Installation Notes for Serpent on Linux

Roger B. Dannenberg

There are two versions of serpent; two are command line programs and the others are graphical interface programs (32-bit Serpent is no longer maintained):
Serpent is currently released as an SVN repository and in three zip files (the "nnn" is the corresponding SVN version number):
The "src" zip file contains sources for all platforms. You have to build from sources on Linux systems.

Building From Sources

To build from sources, get the "src" zip file. You can also get the very latest sources from SourceForge using SVN (subversion, a configuration management tool). The Linux command to create a serpent directory (in the current directory) with the lastest sources is:
svn checkout svn://svn.code.sf.net/p/serpent/code/trunk serpent
or, if you are a developer and plan to commit changes back to SourceForge,
svn checkout svn+ssh://rbd@svn.code.sf.net/p/serpent/code/trunk serpent
Important: If your serpent directory contains trunk, tags, and branches, check the code above and try again.
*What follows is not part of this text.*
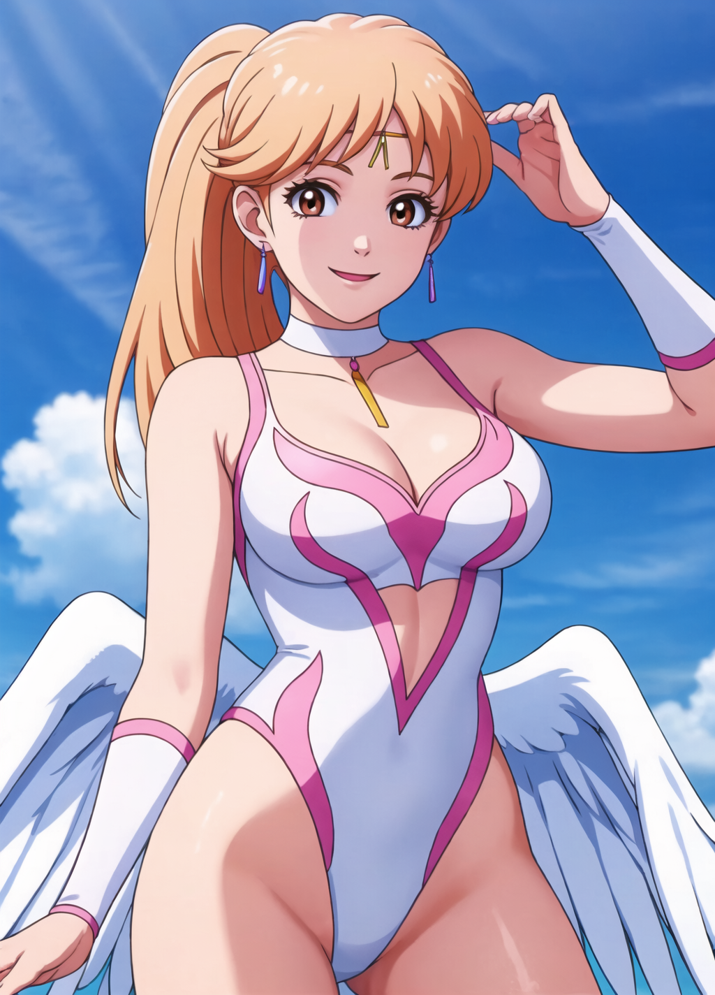 White Winged Bikini / Leotard: [ leonadq2020, 1girl, solo, blonde hair, long hair, brown eyes, sky, cleavage, leotard, white choker, wings, orange hair, ponytail, angel wings, white wings, white leotard, smile, sexy pose ]

For these instructions to work, all the repository files in trunk must be copied to the local working copy named serpent. E.g. you should have serpent/README.txt, serpent/32bit, and serpent/64bit. After you install liblo, you should have serpent/../liblo.

The following instructions worked for Linux (Ubuntu 14.04 LTS, linked with wxWidgets 3.1.3

Important: Serpent Environment

Serpent uses the environment to figure out where to search for files.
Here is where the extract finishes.